5 Development Best Practices

  • What They Forgot to Teach You About R
    • This online book is less about package development & more about R’s idiosyncrasies, but it contains a bunch of useful tips & tricks on how to make your code more reproducible & less brittle. The debugging section is clear & concise, and contains links to other, more detailed resources as well.

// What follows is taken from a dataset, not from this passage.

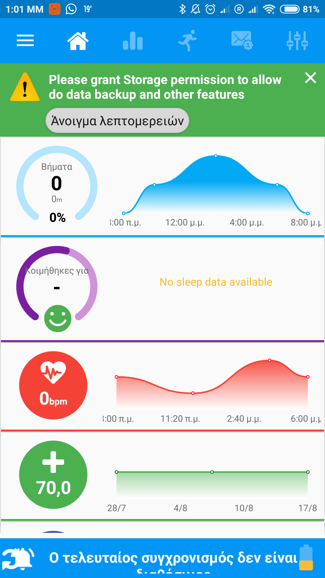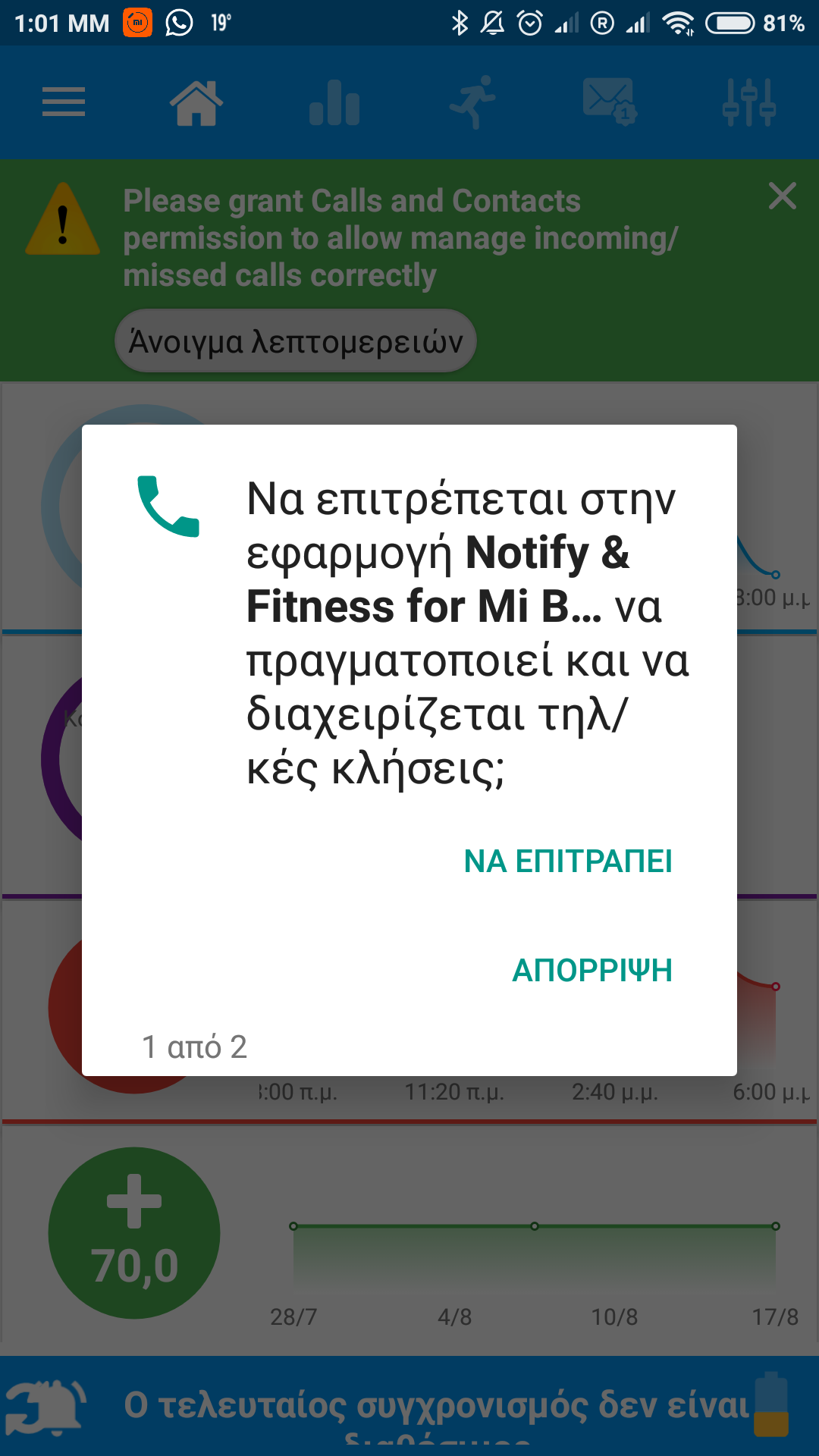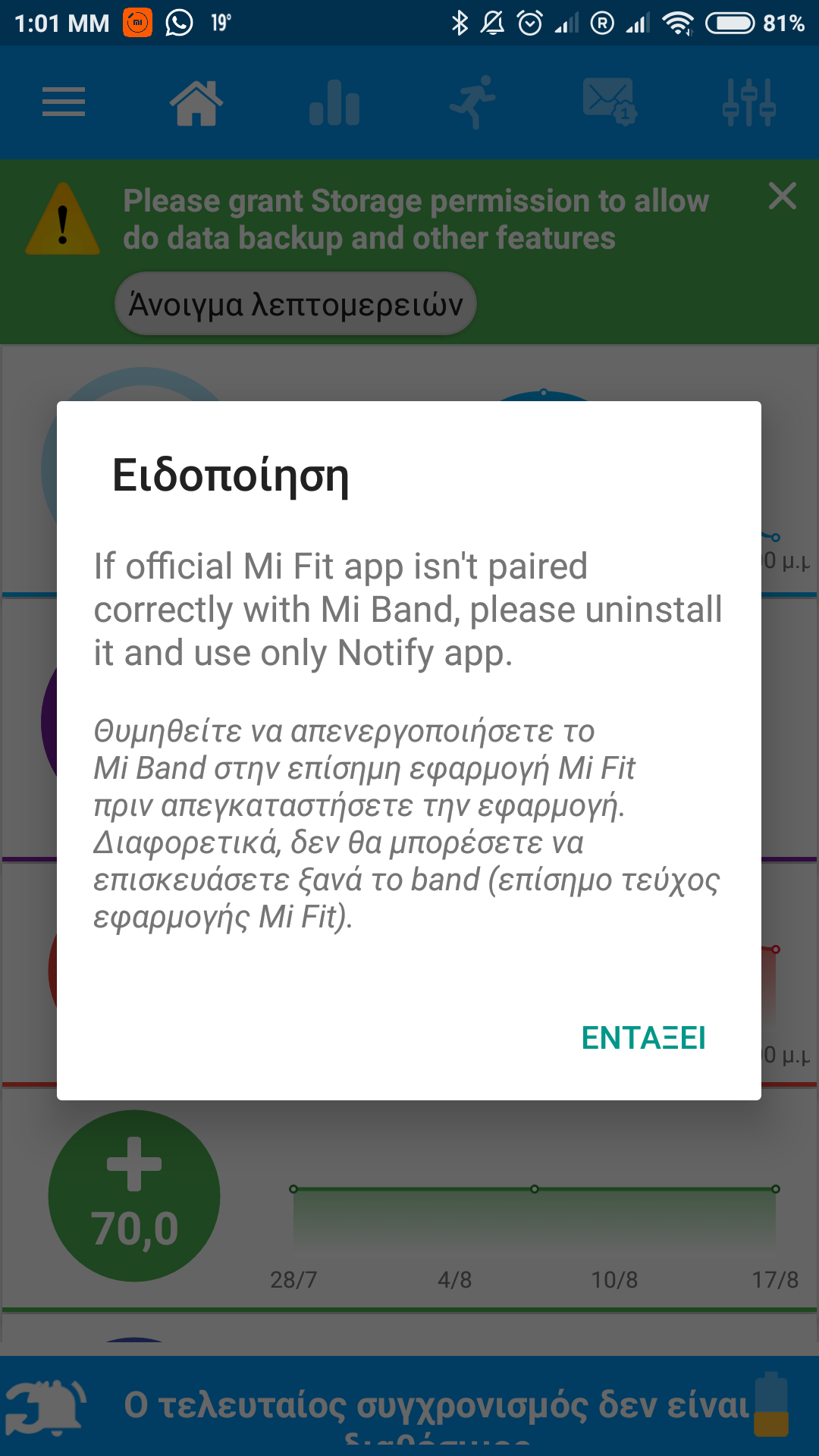 2) Μόλις κατέβει ανοίγουμε την εφαρμογή και δίνουμε πρόσβαση σε ότι μας ζητήσει για να είμαστε σίγουροι ότι θα υπάρχει σωστή επικοινωνία της εφαρμογής με το Mi Band!! Όπως βλέπετε από τις παρακάτω φωτογραφίες είναι αρκετά τα σημεία που πρέπει να δώσουμε πρόσβαση και να αποδεχτούμε. Όταν τελειώσουμε με όλα δεν πρέπει να βλέπουμε καμία ειδοποίηση στο πάνω μέρος της εφαρμογής.

6 Interfacing with Other Languages

  • reticulate
    • Seamlessly interact with Python from your R session. Super easy to use & fairly full-featured, this package makes things like performing scRNA-seq analysis with both R & Python libraries a breeze. This package is developed by the team at RStudio & is actively maintained.
  • JuliaCall
    • Allows you to use the Julia language from within an R session. A great vignette can be found here.

7 Miscellaneous

  • The R Inferno
    • This amusingly-titled & engagingly-written book covers a variety of oddities & frustrating idiosyncrasies that R has, many of which are holdovers from when R was being first developed. If you’re having an annoyingly difficult low-level problem, this book might have the answer.
  • radian: an improved R console
    • If you often use R in the terminal, it can be a frustrating experience when compared to all the features (syntax highlighting, autocomplete, bracket-matching, etc.) that RStudio has. radian is a command line tool that adds all these aesthetic features to your R console. Simply install the Python-based library, then call radian to open a console session from the terminal.